Shelley Wright reports

OF the stock on show at this years Scottish National Winter Fair, only beef cattle offer producers any glimmer of hope that the worst financial crisis to hit agriculture in living memory might be coming to an end, says Scottish NFU president Jim Walker.

Mr Walker, who runs suckler cows and sheep on 1200ha (3000 acres) at Drumbuie, Sanquhar, Dumfriesshire, said finished cattle prices in Scotland had improved steadily in recent weeks. Trade for stores, too, was showing an upturn.

Scottish beef was also back on international markets, albeit in small quantities. "But its a start, and as long as we can get over the delaying tactics generated by the French and Germans then trade, we hope, will grow steadily," he said.

Changes to the EU beef regime under Agenda 2000 would also help underpin beef production in this country, although there remained concerns about how some of the details might be implemented, particularly changes to extensification payments.

Beef farmers, as well as those producing sheep and pigs, would, Mr Walker hoped, be helped by the current government-instigated review of meat inspection charges.

"There is certainly the scope there to make our industry more competitive.

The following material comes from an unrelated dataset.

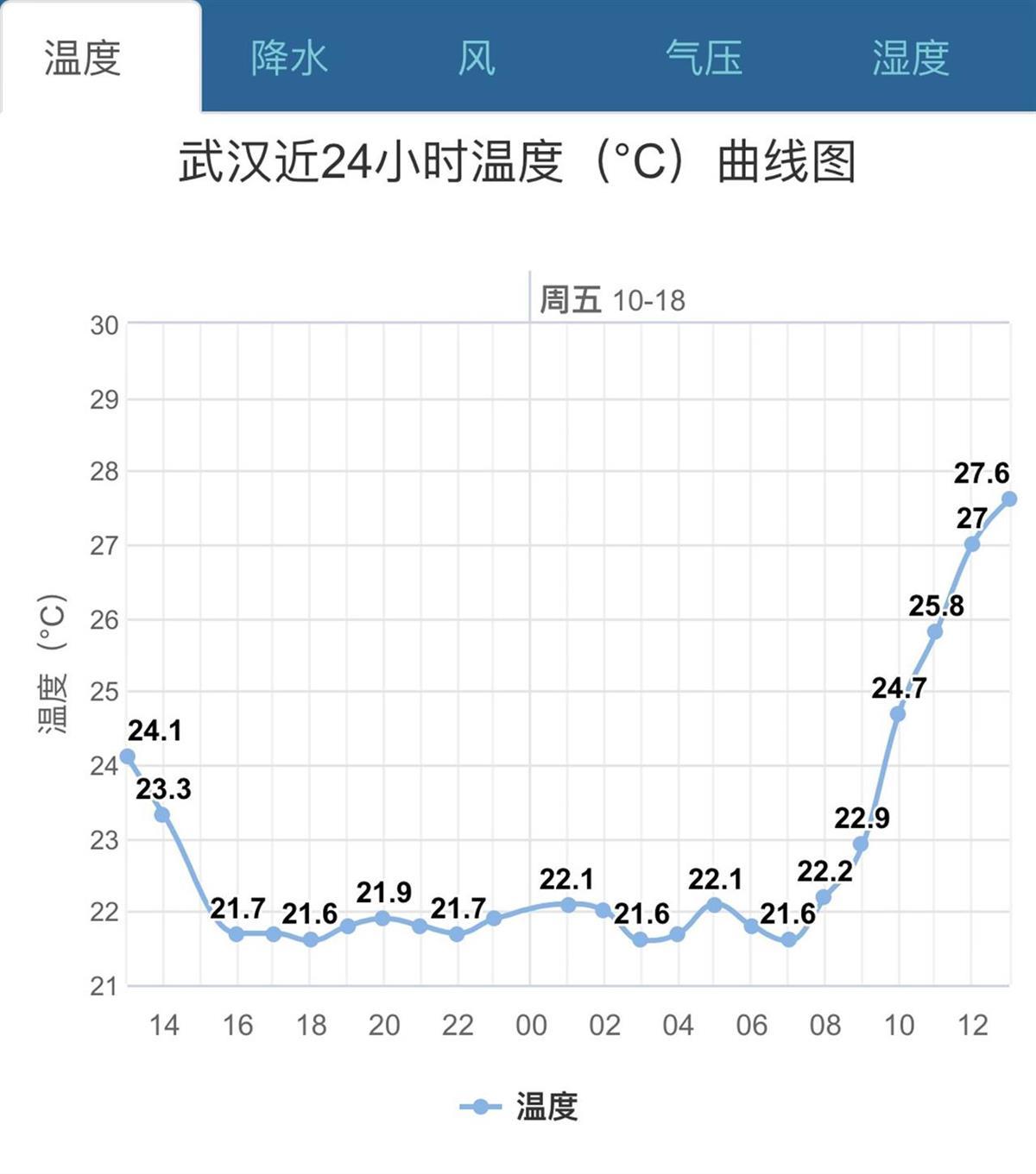 气温一路高涨:武汉早间7时是22℃的凉爽,午后1时就达到27.6℃,“好热啊!这夏天还没走远吗?会降雨降温吗?”今天的天气走势,令邓女士陷入疑虑之中。

If you take, for example, the fact that cattle slaughter charges in Ireland, our biggest competitor, work out at £36 a beast less than in Scotland then it gives you an idea of the scale of the problem weve got."

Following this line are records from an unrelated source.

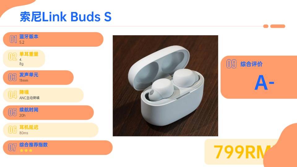 音质与传输方面,Link Buds S支持索尼自家LDAC蓝牙协议,最高传输速率可达约990kbps,数据量约为AAC或SBC的三倍,能更好地保留音频细节。耳机内置全新5mm动圈单元与高柔性振膜,低频深沉有力,声音饱满且不浑浊;搭配索尼V1集成处理器,降噪效果出色,可有效隔绝环境噪音,带来沉浸式听音体验。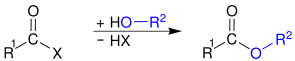 Diese Reaktion ist im Gegensatz zu derjenigen von Carbonsäuren und Alkoholen irreversibel.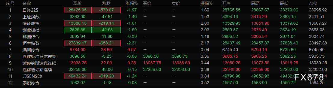 股市方面,日经指数一度跌超2%,恒指跌逾2%,其余指数普遍下跌,美股周二大跌打击了风险偏好。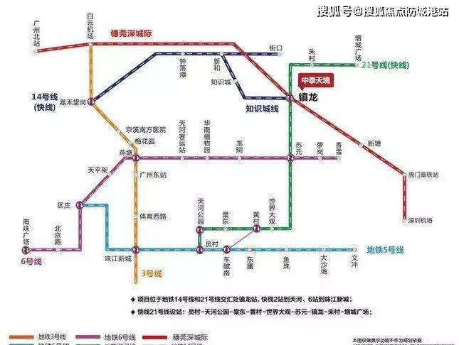 双地铁:14号线、21号线,拉动人群集聚,人潮瞬变钱潮!【项目离镇龙站仅1.2公里】。 业主可乘坐广州首条直通天河地铁快线,一站到万达广场,两站到天河,六站到珠江新城,享受乘坐地铁往返广州各区的便捷生活, 物业价值势必飙升。

In the sheep sector, however, there was little on the horizon to suggest things would improve markedly in the next year. "The loss of value of cull ewes has completely undermined the breeding sales this back-end," he said.

But he hoped that results of a long-running scientific study, due to be published in the spring, would show that BSE has not jumped to sheep. "Initial results look encouraging; there are no signs at the moment that we have a problem. Once the report is published then we must push very hard to get rid of the requirement to remove spinal cord from cull ewe carcasses going for export.

Slow process

"It will be a slow process, but until we can get these culls ewes away to Europe, particularly France, the breeding market will be held back."

Mr Walker also hoped that farm minister Ross Finnies recent appointment of international businessman Andrew Dewar-Durie to conduct a study of how lamb marketing might be improved would offer a way to help the industry differentiate Scottish lamb as a premium product.

Moving to the pig sector, Mr Walker said that government inaction over the past 18 months had been unbelievable. Politicians had sat on the sidelines watching the industry collapse.

"Some of the retailers, processors and caterers have got to share the blame for this demise," he added. Once a price differential opened between British pigmeat and that from other EU countries, buyers simply switched supplies.

"Price became an issue and all the work that the pig industry had done went out the window. Of all the sectors it is the one that has done everything and more that has been asked of it. Everything in terms of animal welfare, assurance and being responsive to the market. Yet it hasnt had the support from procurers that it deserves."